Die Auflösung der Rotfrontkämpfer ist eine wahrhaft provokatorische Dummheit. Ich liebe Rotfront ebensowenig wie alle andern republikanischen oder monarchistischen Windjackenvereine, denn sie alle drillt der eine Geist des guten alten preußischen Militarismus. Aber es ist ein Unsinn, eine junge vitale Bewegung verbieten zu wollen. Eine solche Bewegung läßt sich nicht verbieten. Und wenn der Staat sich auf seinen weisheitsschweren Kopf stellt: eine junge vitale Bewegung läßt sich auch nicht das Recht auf die Straße nehmen. Das wäre wider die Natur. Wenn die Konsistorialräte der Sozialdemokratie nicht die Geschichte der eigenen Partei vergessen hätten, nicht die Erinnerung an die eigne Vergangenheit, deren Maifeiern oft genug unter harten Polizeifäusten endeten, würden sie nicht auf den absurden Gedanken kommen, das zu verbieten, was nicht verboten werden kann.
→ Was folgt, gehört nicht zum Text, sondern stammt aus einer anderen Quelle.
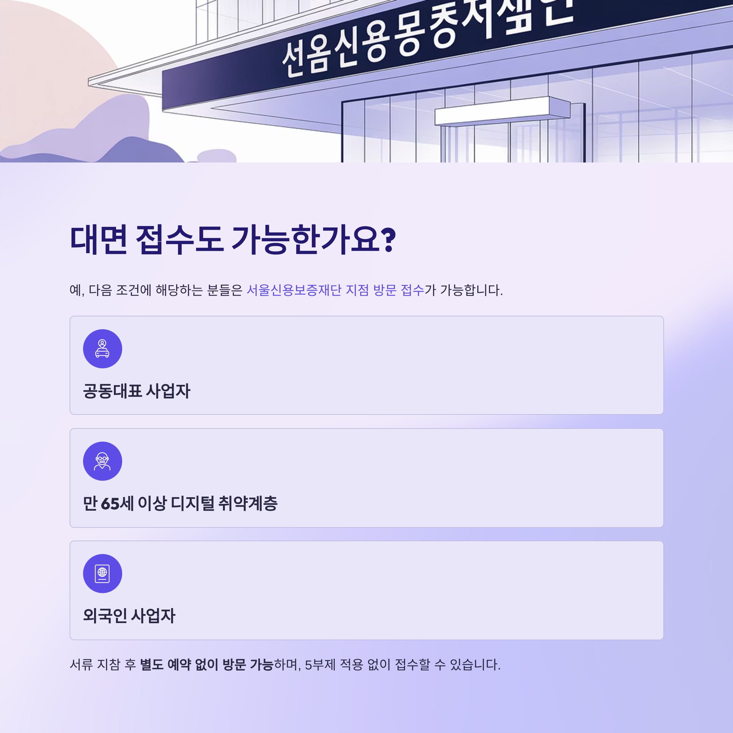 예, 다음 조건에 해당하는 분들은 서울신용보증재단 지점 방문 접수가 가능합니다.
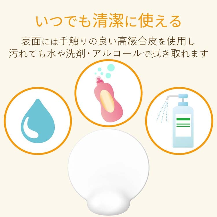 ●表面には手触りの良い高級合皮を使用しています。汚れても水や洗剤・アルコールで拭き取ることができるので、いつでも清潔に使用可能です。
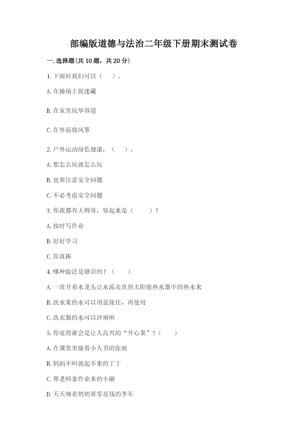 部编版道德与法治二年级下册期末测试卷一.选择题(共10题,共20分)1.下雨时我们可以()。A.在操场上捉迷藏B.在家里玩华容道C.在外面放风筝2.户外运动绿色健康,()。A.想怎么玩就怎么玩B.也要注意安全问题C.不必考虑安全问题3.你我都有大拇哥,竖起来是()!A.按时写作业B.好好学习C.你真棒4.哪种做法是错误的?()A.一直开着水龙头让水流走直到太阳能热水器中的热水来B.洗水果的水可以用盆接住,再使用C.洗衣服的水可以冲厕所5.你觉得谁会是让人高兴的“开心果”?()A.在课堂里偷看小人书的张雨B.妈妈不叫就起不来的丁丁C.帮老师拿作业本的小丽D.天天缠着奶奶要零花钱的李军6.纸的主要原材料是()等。A.树木、竹子B.塑料C.石油7.种了小苗要细心的呵护,勤除草,()施肥浇水才会有收获。A.半天B.每天C.适时8.下面()是安全玩具。A.伤人飞镖B.电人玩具C.积木9.下棋的时候如果下输了我会()。A.总结经验,再接再厉B.不下了C.把棋子扔了10.健康安全的游戏是()。A.下跳棋B.躲在衣柜里捉迷藏二.填空题(共10题,共40分)1.()是我国南方一些少数民族喜爱的传统游戏。2.锄禾日当午,汗滴禾下土。谁知盘中餐,()。3.游戏要到()的地点,保证()才能玩得开心。4.()才发现,其实没有那么难!5.你的大拇指叫(),你要把他送给(),因为()。6.可是有些人却不()我,往我身上乱扔(),倾倒污物。7.通过观察我发现同桌今天不舒服,我会()。8.变个规则玩一玩,游戏会有()。9.我了解到的传统游戏有()、()、()、()、()、()、()等。10.和大家一起玩时,我们最应该关注的是()问题。三.判断题(共10题,共20分)1.我们来做安全提示牌,放到可能会有危险的地方,让大家玩得更安全!()2.我们玩游戏的时候,要把安全放在首位。()3.我只愿意赞美和自己关系好的人,对其他人爱理不理。()4.多安排一些活动,可以减少看电视的时间。()5.玩游戏时,自己的安全和他人的安全一样重要。()6.璐璐上课时很喜欢和同桌打闹。()7.得传染病是因为我们得罪了天上的神仙。()8.我常和小朋友们玩捉迷藏。()9.户外运动绿色健康,我喜欢。()10.星期六,我和小明在大树下下棋。()四.连线题(共1题,共8分)1.生活中有很多第一-次,第-次是挑战也带给我们成长与惊喜。请你连一连下面的小朋友第一次都做了哪些事情。练习本用没了有点不好意思炒菜糊了第一次自己去商店买第一次学轮滑奶奶告诉我下次小点火第一次在很多人面前唱歌摔了很多跟头五.简答题(共7题,共40分)1.和纸交朋友,我们可以怎么做?2.写一段话,鼓励一下下面的小朋友我有点胆小,不敢看着别人的眼睛说话。3.说说怎样才能成为大家的“开心果”?4.给自己发张奖状,说说自己这学期的进步。5.你有哪些应对不快乐的小妙招呢?6.我们生活中有时候也会有很多不快乐,那么,你有哪些应对不快乐的小妙招呢?7.我们能为保护空气做些什么?六.综合题(共1题,共8分)1.哪些下列物品和行为是环保的?请在后面圆圈里画上“☆”。一次性纸杯()不锈钢水壶()小树苗()自行车()环保布口袋()塑料方便袋()轿车()电动车()随手关灯()环保盆栽()鞭炮烟花()草地()用废旧纸张制作草稿本()用废旧材料制成的新玩具()参考答案一.选择题1.B2.B3.C4.A5.C6.A7.C8.C9.A10.A二.填空题1.竹竿舞2.粒粒皆辛苦3.合适;安全4.挑战后5.“真棒”;自己(其它合理答案亦可);我的跳绳技术非常高(其它合理答案亦可)6.珍惜;垃圾7.关心他的病情8.新乐趣9.编花篮;挤油油;抓石子;竹蜻蜓;翻花绳;兰蛐蛐;跳大绳10.安全三.判断题1.√2.√3.×4.√5.√6.×7.×8.√9.√10.√四.连线题1.如图:五.简答题1.(1)把废纸送到回收站去。(2)挂历纸可以做成练习本。2.或许“胆小”是你的天性,但上天从不喜欢“胆小”的人,尝试着走出这一错误的误区,相信你,经过自己的努力,你一定能成为一个顶天立地的人。3.爱唱歌、爱运动,喜欢读书、认真听课、懂得陪伴老人、喜欢交朋友.....4.1、我的书写进步了;2、我的广播操做的比以前好了;3、我上课积极发言了。5.(答案不唯一)①把不高兴的事说给好朋友听。②画画、唱歌也可以赶走不快乐。③做深呼吸,把烦心的事吐出去。④不开心的时候我会去踢球。6.(答案不唯一)①把不高兴的事说给好朋友听。②唱歌也可以赶走不快乐。③做深呼吸,把烦心的事吐出去。④不开心的时候,我会去踢足球。7.(1)出行尽量乘坐公交车。(2)禁止燃放烟花爆竹。六.综合题1.
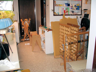 A couple of weeks later, the existing loom (spool racks, benches, cat beds, stools etc) moved to the laundry room, to make space for construction. (Oct 2, 2007) |
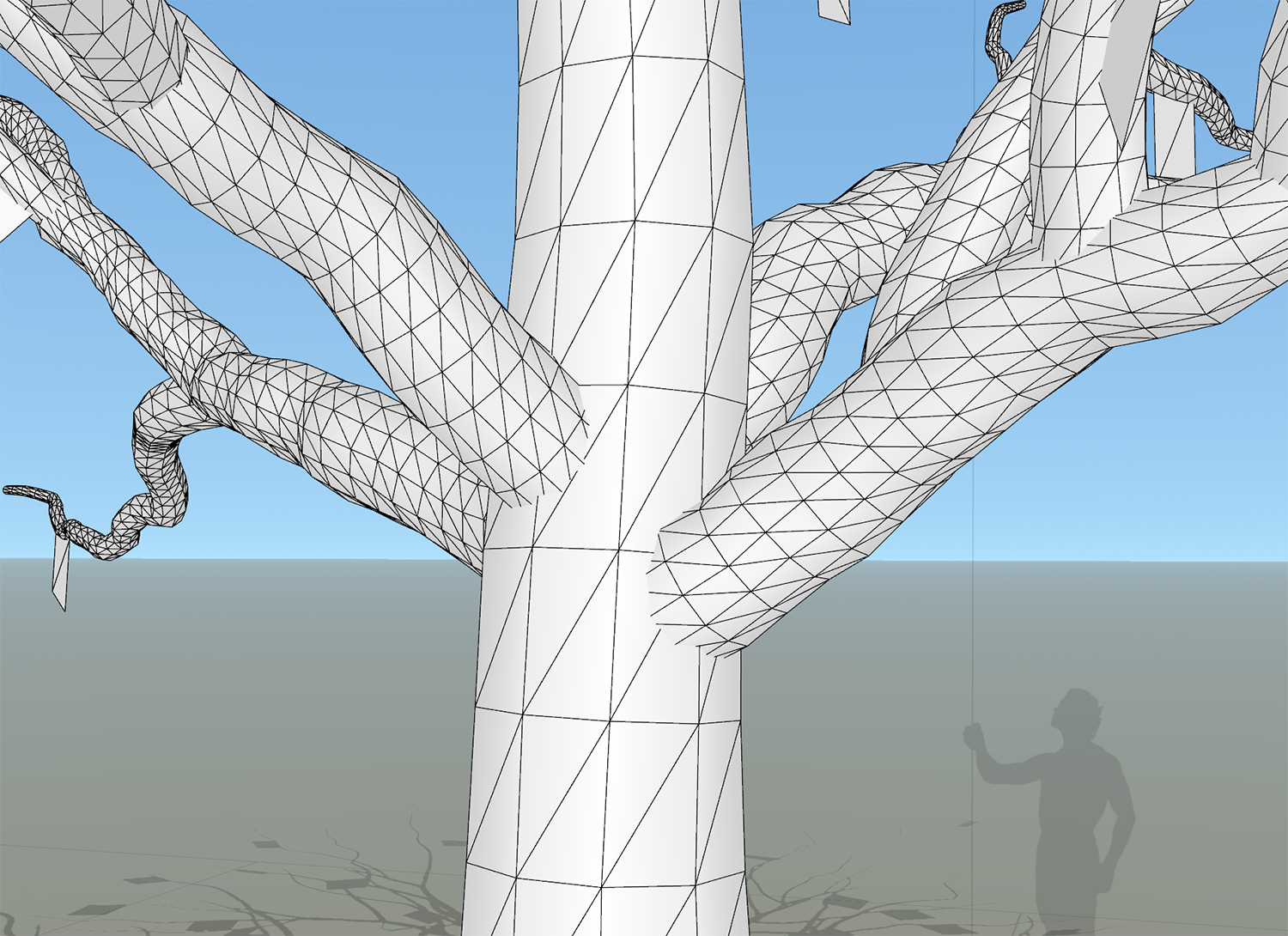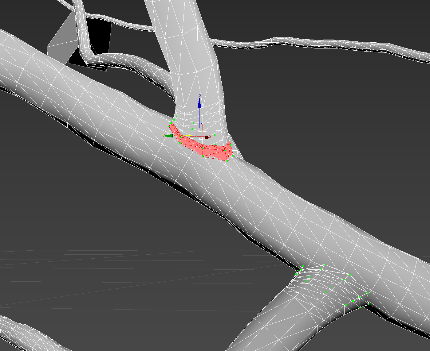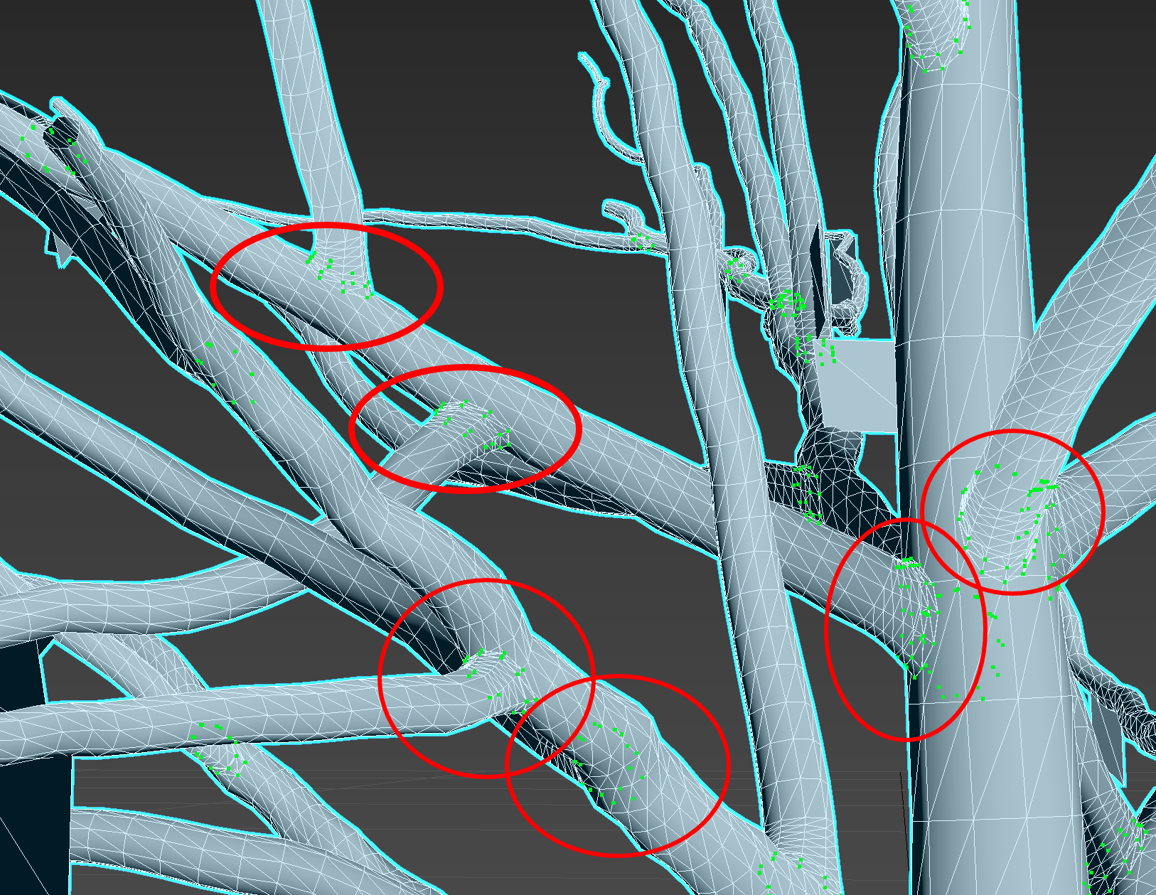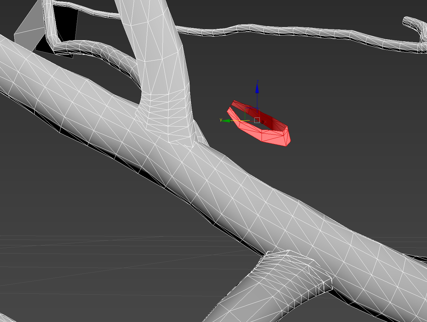 10)나뭇가지의 아래 부분에 추가적으로 존재하는 메시가 제거된것을 확인할수있습니다.
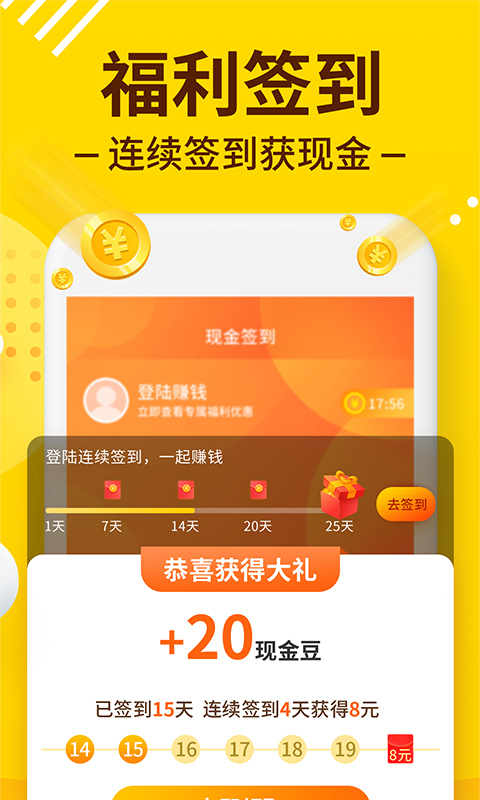 4、通过完成闹钟以及每日的签到领取金豆的奖励。
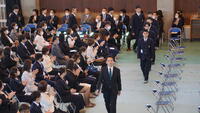 新入生達は、それぞれ担任の先生に連なって、元気良い足取りで体育館に入場しました。
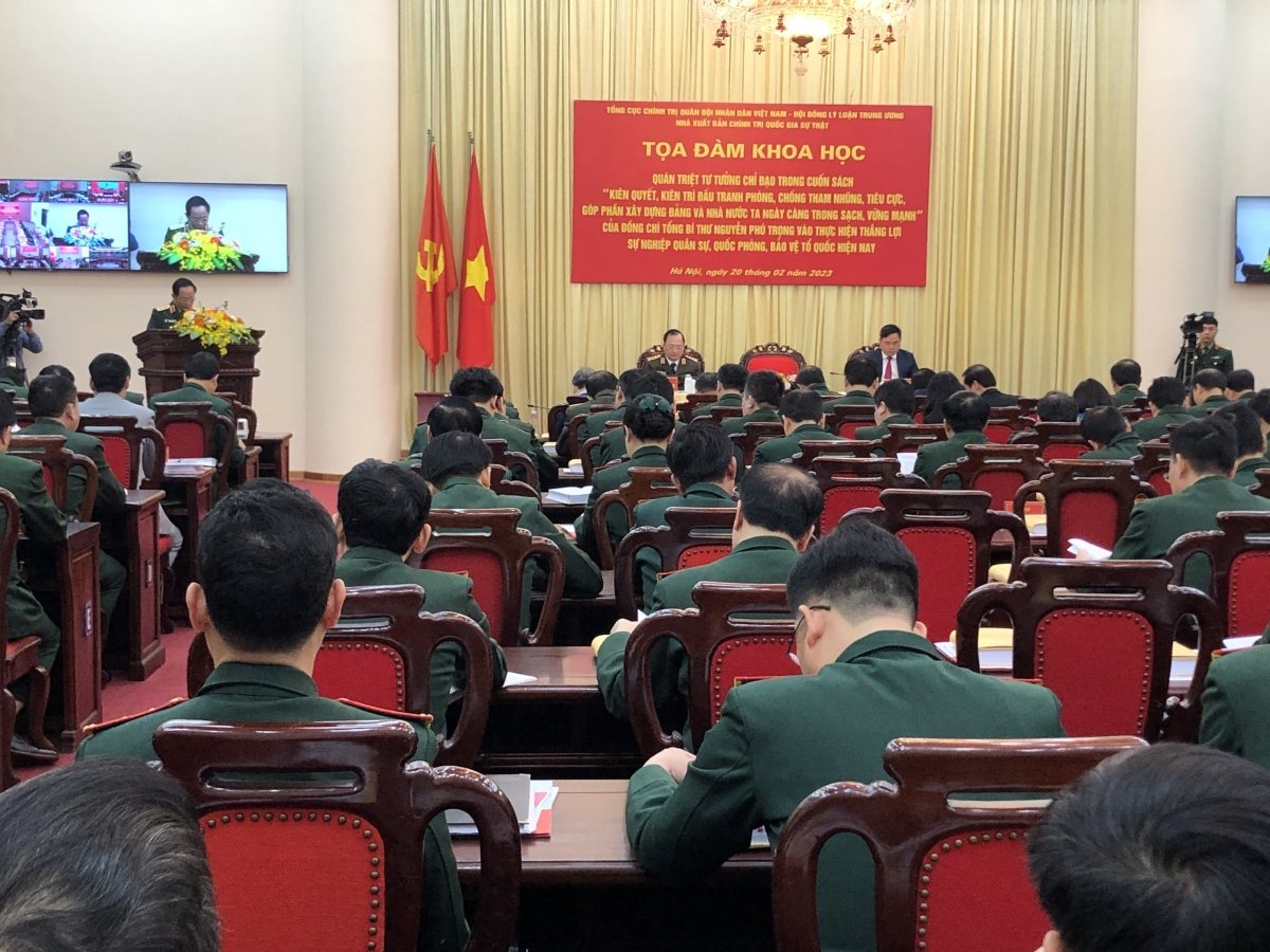 Sáng nay (20/2), tại Hà Nội, Tổng cục Chính trị Quân đội nhân dân Việt Nam phối hợp với Hội đồng Lý luận Trung ương, Nhà xuất bản Chính trị quốc gia Sự thật tổ chức tọa đàm khoa học quán triệt tư tưởng chỉ đạo trong cuốn sách “Kiên quyết, kiên trì đấu tranh phòng, chống tham nhũng, tiêu cực, góp phần xây dựng Đảng và Nhà nước ngày càng trong sạch, vững mạnh” của Tổng Bí thư Nguyễn Phú Trọng vào thực hiện thắng lợi sự nghiệp quân sự, quốc phòng, bảo vệ Tổ quốc hiện nay.

Die Kommunisten sind keine Engel, wird man mir entgegenhalten. Die Sozialdemokraten sind es unter Bismarck auch nicht gewesen, sondern schrecklich ruppig. Und deshalb haben auch sonst sehr brave Liberale im Sozialistengesetz den letzten Ausweg gegen das unbeschwerte Flegeltum der jungen Arbeiterbewegung gesehen. Die Geschichte hat ihnen unrecht gegeben. Sie wird auch die Ordnungsretter von heute nicht glorifizieren.

Vor allem muß das Verbot von Rotfront schleunigst fallen. Denn es birgt für die ganze Zeit seines Bestehens die Möglichkeit schlimmster Komplikationen. Es kann folgerichtig zu Übertretungen, zu Zusammenstößen, ja zu Massakern führen. Von da aber ist nur ein Schritt noch zum Verbot der gesamten KPD und ihrer Presse, und wenn wir eines Morgens aufwachen, ist der von diesem Reichstag mit republikanischer Mehrheit noch immer nicht revidierte Artikel 48 in Kraft getreten, und die Reichswehr regiert gemeinsam mit der ihr dann unterstellten und für diese Aufgabe prächtig einexerzierten Polizei.

Schatten von 1923, wen schreckt das nicht?

Die sozialdemokratischen Führer schreckt es nicht. Sie haben es sich auf der andern Seite der Barrikade bequem gemacht und starren unheilvoll fasziniert auf die Gefahr von links. Sie sehen keine andre. Sie fordern von den Kommunisten die Einsicht, die sie selbst vermissen lassen. Was tun die Kommunisten so Gräßliches? Sie vertreten die Sache ihrer Partei. Sie tun es mit den Mitteln einer radikalen Massenpartei. Es sind also keine feinen Mittel, aber es sind die gleichen Mittel, die die alte Sozialdemokratie jahrzehntelang mit bestem Glück angewandt hat. Die Kommunisten sind Opposition, sie holen die Mittel aus dem eignen Arsenal und nehmen die Folgen auf die eigne Kappe. Die sozialistischen Minister dagegen mobilisieren in ihrer Parteisache den Staat, und weil er einmal, wo es gegen links geht, ausnahmsweise funktioniert, geben sie sich der bedenklichen Illusion hin, sie beherrschten ihn, und es würde auch so sein, wenn der Feind rechts stünde. In Hamburg hat, zum Beispiel, der sozialdemokratisch dirigierte Senat für eine bestimmte Zeit die Abhaltung kommunistischer Veranstaltungen selbst in geschlossenen Räumen, also auch Mitgliederzusammenkünfte, verboten. Leben wir denn im Ausnahmezustand? Gelten denn vermottete lokale Polizeiverordnungen mehr als die Verfassung, die das Versammlungsrecht garantiert?

Was hier geschieht, geht nicht nur die beiden Arbeiterparteien an, sondern jeden Republikaner, der nicht das eigne Sehen verlernt hat. Das Kommunistengesetz muß fort, der Staat selbst endlich wieder den legalen Boden finden, den er von der Opposition fordert. Sonst wird eines traurigen Tages der in der Stille gewachsene und vom Überdruß am Kampfe von Rot gegen Rot genährte Fascismus dasein und das Prävenire spielen.